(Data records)
*****

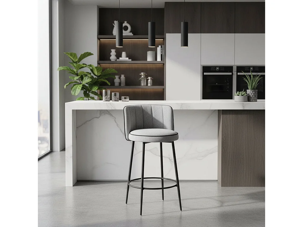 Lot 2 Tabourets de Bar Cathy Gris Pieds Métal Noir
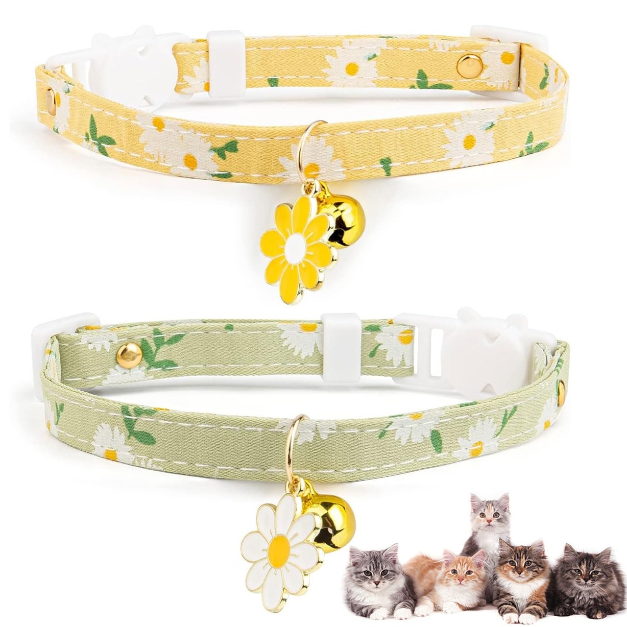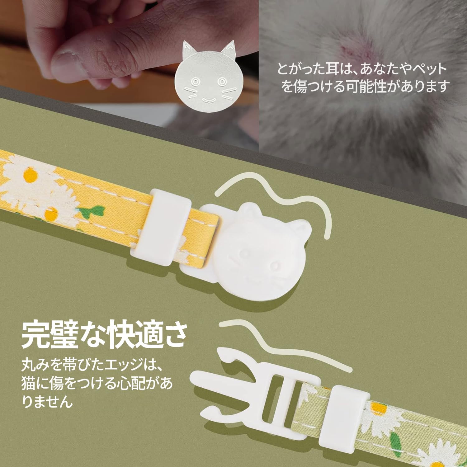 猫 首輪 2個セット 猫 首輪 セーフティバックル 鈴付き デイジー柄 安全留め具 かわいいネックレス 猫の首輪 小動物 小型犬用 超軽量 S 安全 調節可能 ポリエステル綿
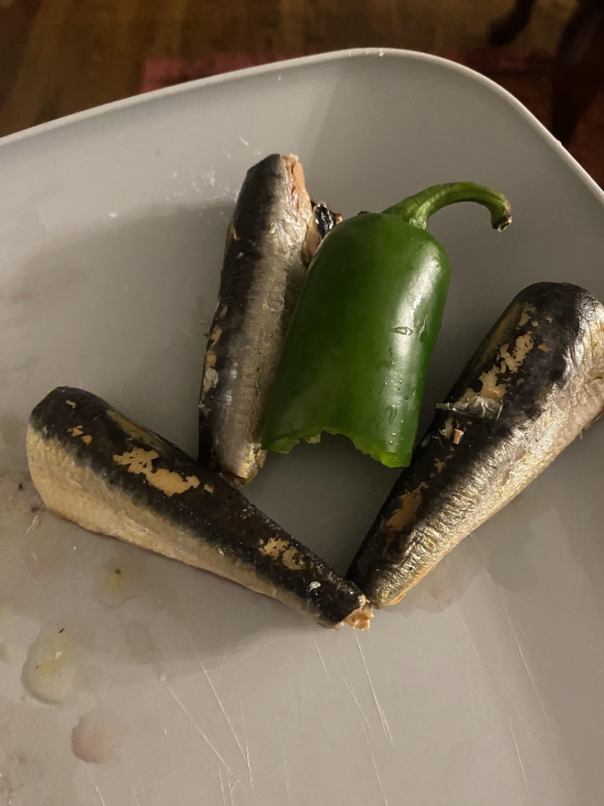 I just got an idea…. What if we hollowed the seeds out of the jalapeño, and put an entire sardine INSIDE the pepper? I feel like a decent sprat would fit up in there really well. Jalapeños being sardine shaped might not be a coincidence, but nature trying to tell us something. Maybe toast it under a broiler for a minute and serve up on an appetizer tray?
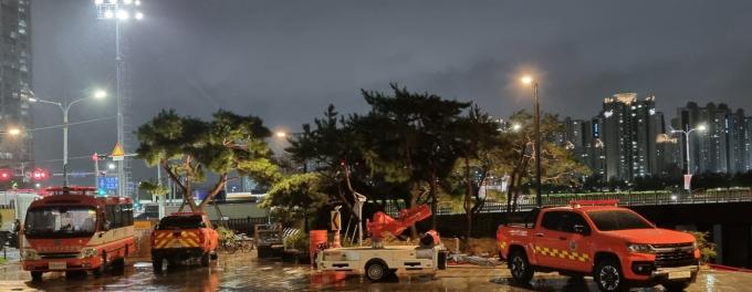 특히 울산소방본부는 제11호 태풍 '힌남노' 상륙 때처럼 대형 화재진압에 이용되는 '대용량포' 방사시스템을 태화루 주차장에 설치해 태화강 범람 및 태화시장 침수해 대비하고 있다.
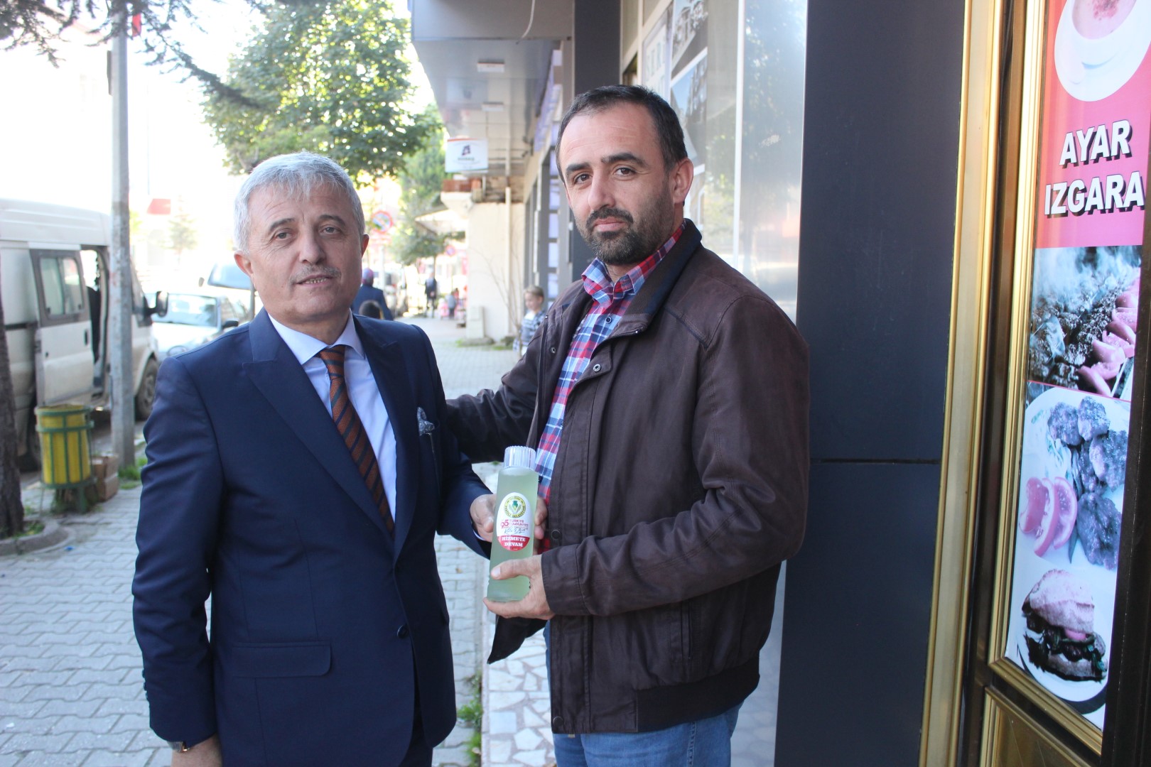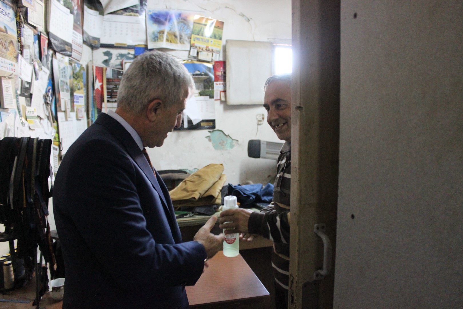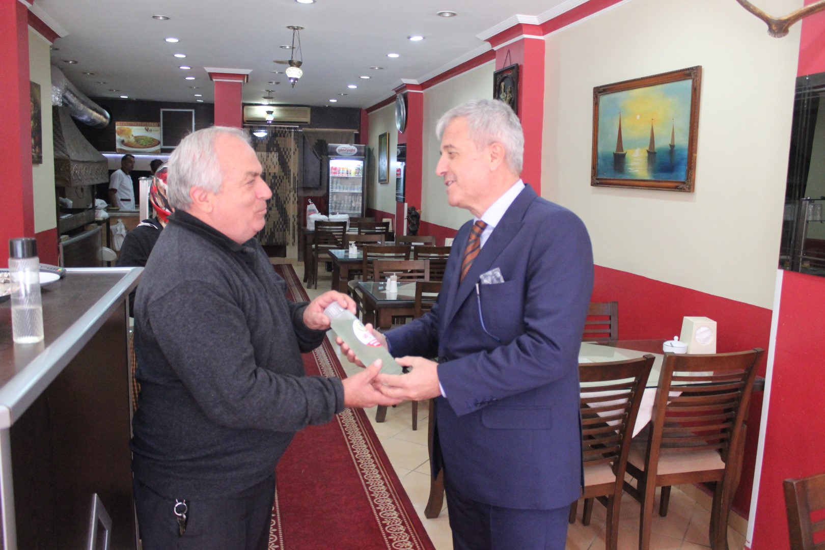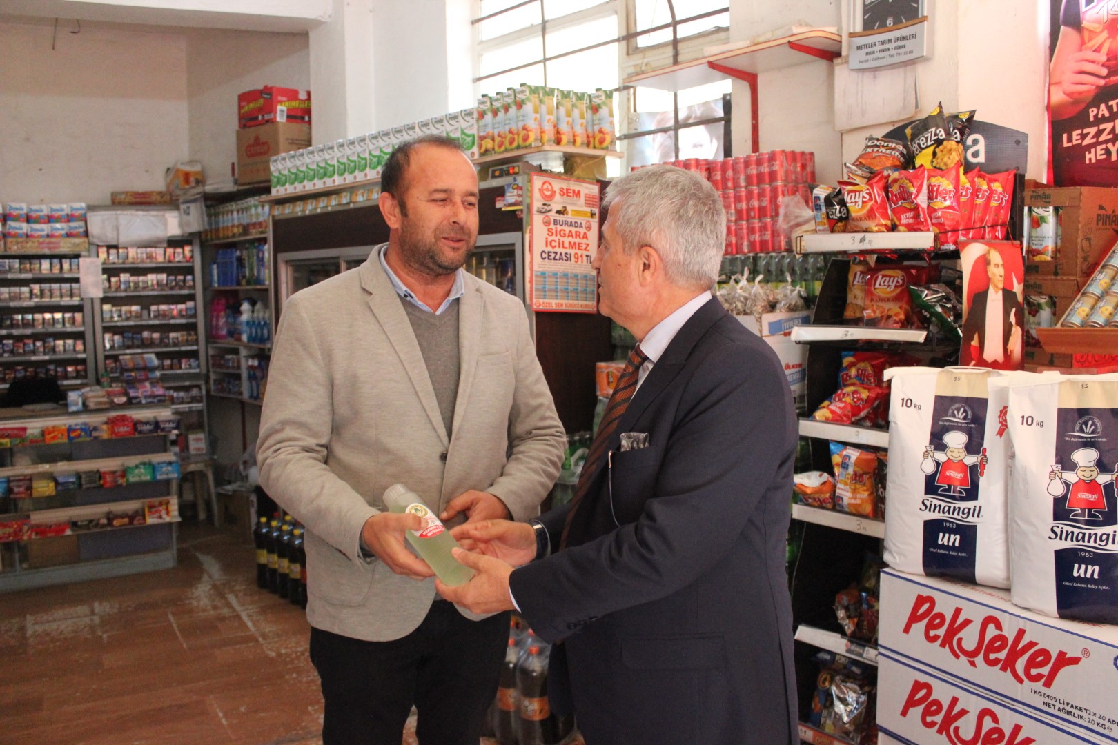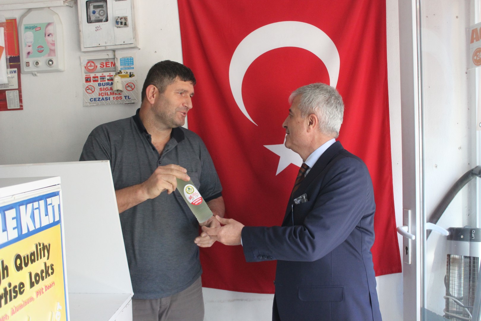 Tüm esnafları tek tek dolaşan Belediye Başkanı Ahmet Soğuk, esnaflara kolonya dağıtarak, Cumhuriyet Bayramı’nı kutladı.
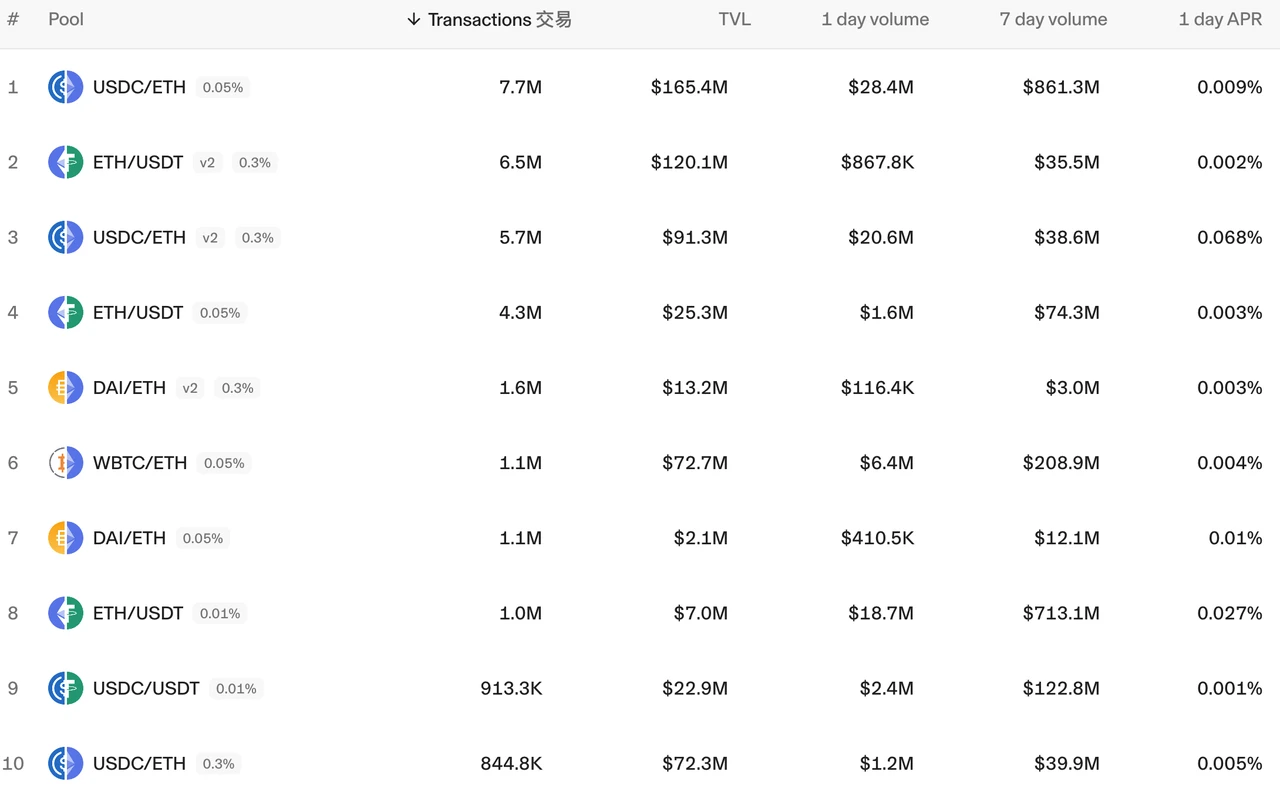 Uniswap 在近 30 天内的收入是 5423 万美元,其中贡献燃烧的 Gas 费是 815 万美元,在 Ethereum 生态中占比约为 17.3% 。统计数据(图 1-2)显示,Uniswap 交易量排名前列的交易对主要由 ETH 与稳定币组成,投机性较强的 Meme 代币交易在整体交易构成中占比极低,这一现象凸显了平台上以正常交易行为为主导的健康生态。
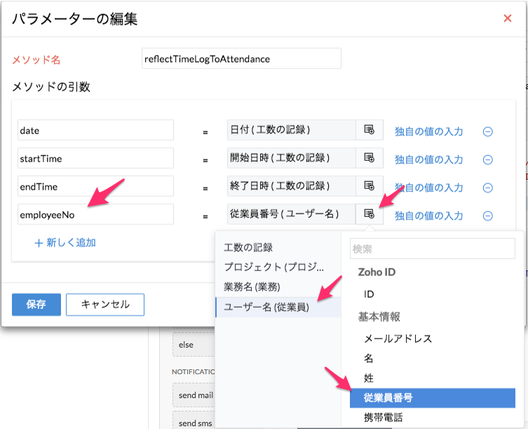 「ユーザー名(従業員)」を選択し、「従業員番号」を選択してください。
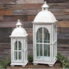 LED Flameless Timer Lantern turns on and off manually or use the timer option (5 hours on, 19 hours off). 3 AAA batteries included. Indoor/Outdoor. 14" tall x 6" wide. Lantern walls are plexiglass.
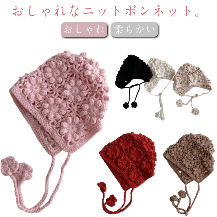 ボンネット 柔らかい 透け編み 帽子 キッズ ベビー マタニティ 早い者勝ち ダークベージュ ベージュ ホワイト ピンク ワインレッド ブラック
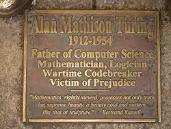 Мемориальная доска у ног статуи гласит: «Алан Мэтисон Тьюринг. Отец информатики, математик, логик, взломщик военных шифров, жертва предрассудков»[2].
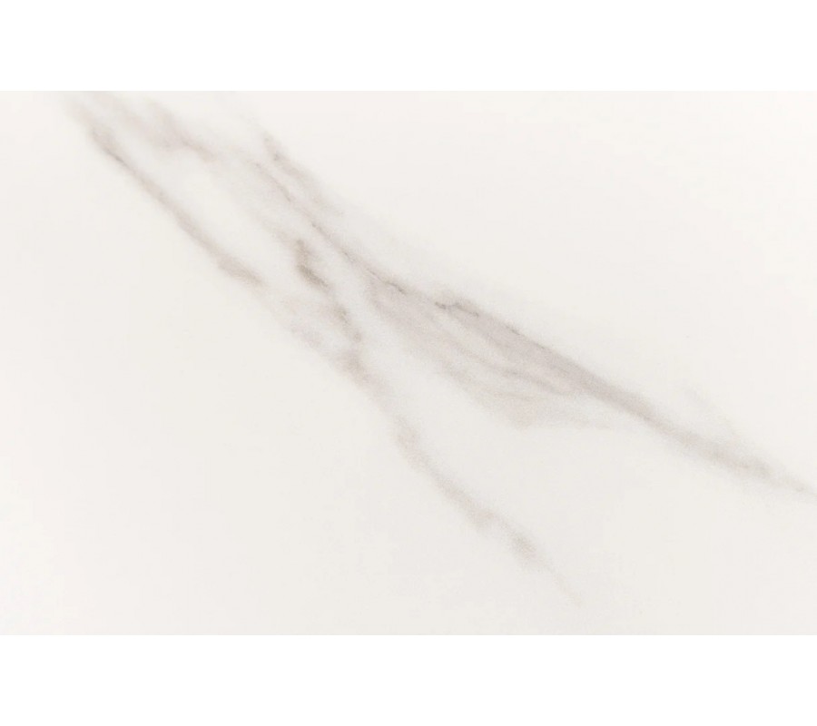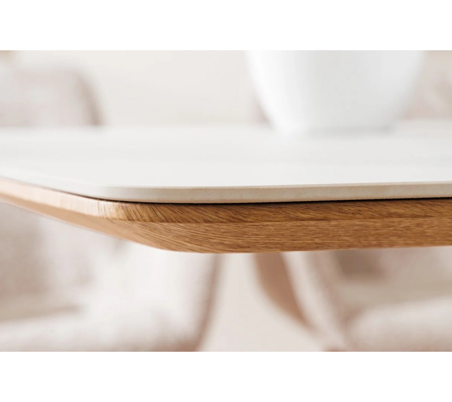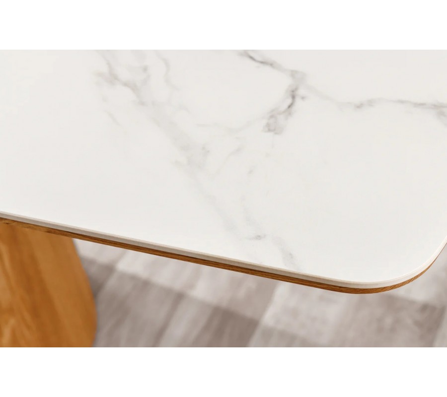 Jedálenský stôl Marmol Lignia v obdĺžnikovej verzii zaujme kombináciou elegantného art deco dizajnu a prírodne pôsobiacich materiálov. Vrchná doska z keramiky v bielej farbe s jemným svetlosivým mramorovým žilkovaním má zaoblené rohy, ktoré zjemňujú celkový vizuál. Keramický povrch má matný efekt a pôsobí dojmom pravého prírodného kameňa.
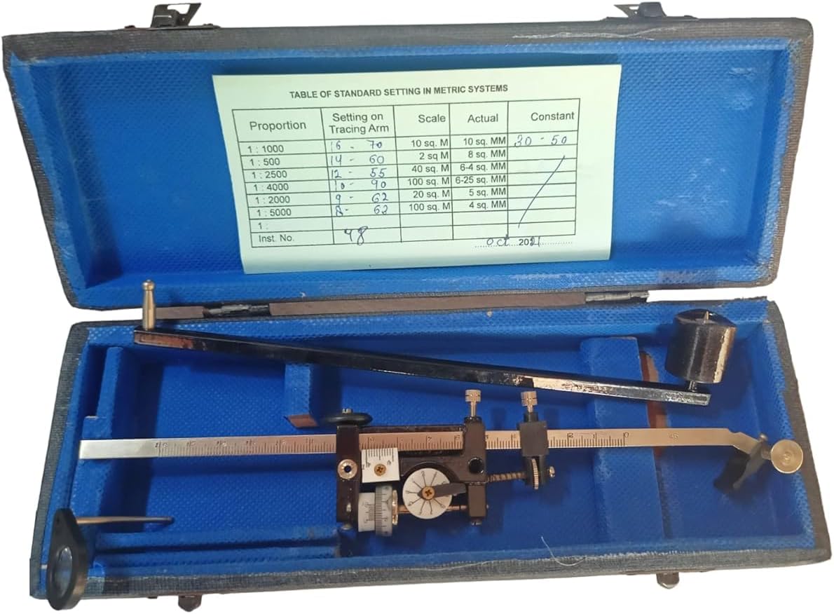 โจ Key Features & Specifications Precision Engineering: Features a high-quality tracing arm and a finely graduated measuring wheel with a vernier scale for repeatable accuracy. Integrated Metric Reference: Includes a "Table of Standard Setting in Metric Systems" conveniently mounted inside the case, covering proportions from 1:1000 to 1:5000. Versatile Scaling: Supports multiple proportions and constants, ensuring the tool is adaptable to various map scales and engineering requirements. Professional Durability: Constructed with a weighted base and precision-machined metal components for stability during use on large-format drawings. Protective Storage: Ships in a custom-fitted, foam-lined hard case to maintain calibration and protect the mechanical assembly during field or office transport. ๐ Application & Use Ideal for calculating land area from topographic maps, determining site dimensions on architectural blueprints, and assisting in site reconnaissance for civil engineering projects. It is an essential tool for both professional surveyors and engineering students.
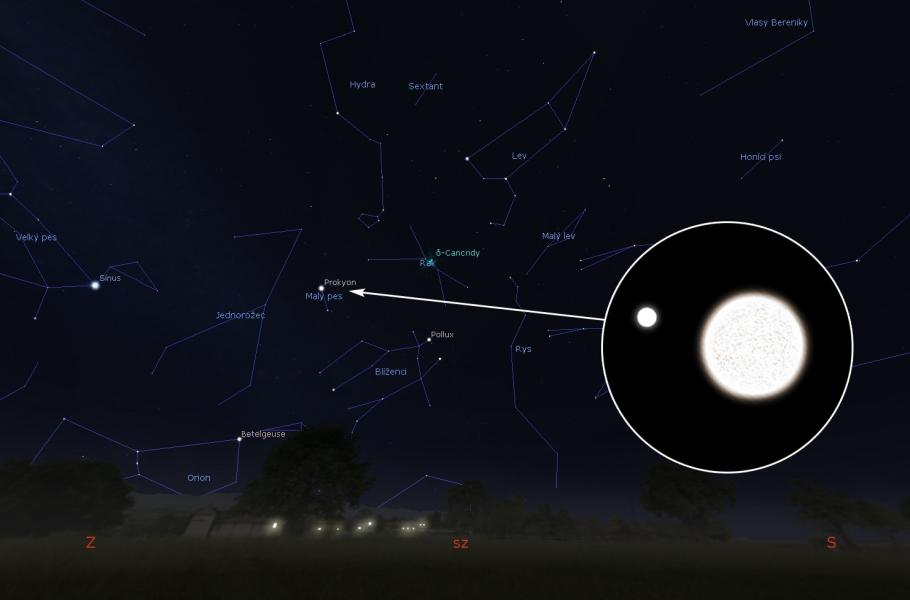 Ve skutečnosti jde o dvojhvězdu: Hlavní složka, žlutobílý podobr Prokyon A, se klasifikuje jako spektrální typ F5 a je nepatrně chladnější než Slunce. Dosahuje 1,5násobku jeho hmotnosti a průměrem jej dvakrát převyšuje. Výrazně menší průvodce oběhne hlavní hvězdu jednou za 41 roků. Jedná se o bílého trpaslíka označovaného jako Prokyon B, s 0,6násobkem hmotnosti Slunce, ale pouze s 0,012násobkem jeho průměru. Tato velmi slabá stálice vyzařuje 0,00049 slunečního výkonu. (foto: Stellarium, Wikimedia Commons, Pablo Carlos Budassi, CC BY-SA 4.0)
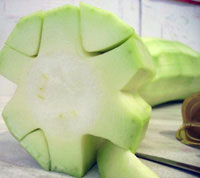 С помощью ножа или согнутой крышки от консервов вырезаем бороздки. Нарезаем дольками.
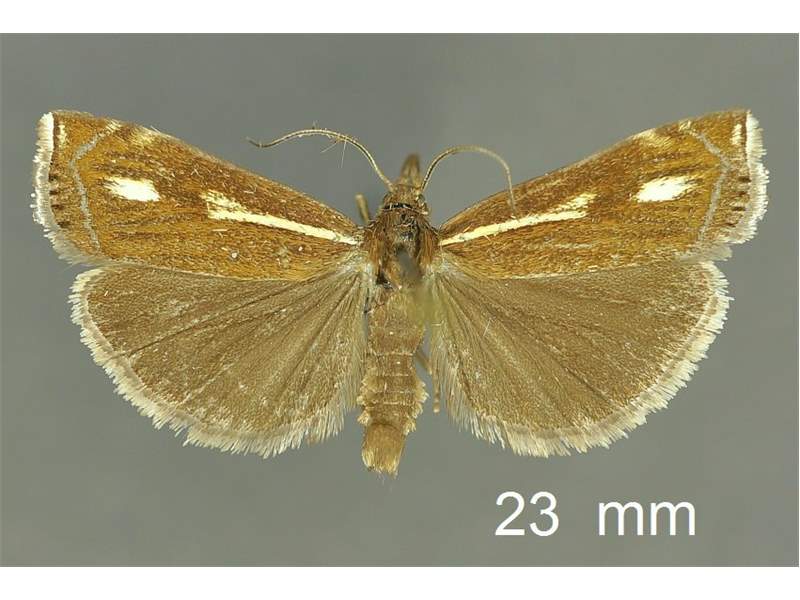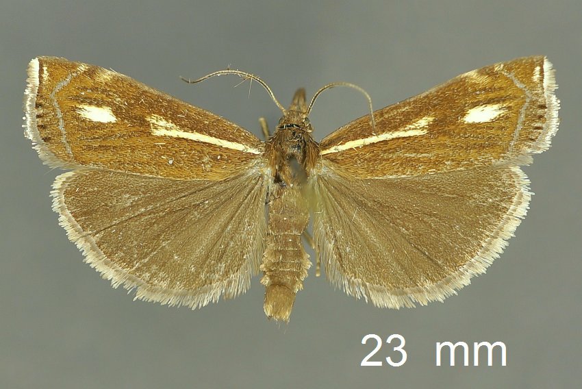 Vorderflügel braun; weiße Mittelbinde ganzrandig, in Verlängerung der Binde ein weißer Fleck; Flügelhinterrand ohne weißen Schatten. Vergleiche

*****

EXERCISE DETAILS: Leave every picture out and retype exactly the lines of the records above from the one holding "С помощью ножа" through the last, both ends included and nothing besides.

EXERCISE RESULT:
 С помощью ножа или согнутой крышки от консервов вырезаем бороздки. Нарезаем дольками.
 Vorderflügel braun; weiße Mittelbinde ganzrandig, in Verlängerung der Binde ein weißer Fleck; Flügelhinterrand ohne weißen Schatten. Vergleiche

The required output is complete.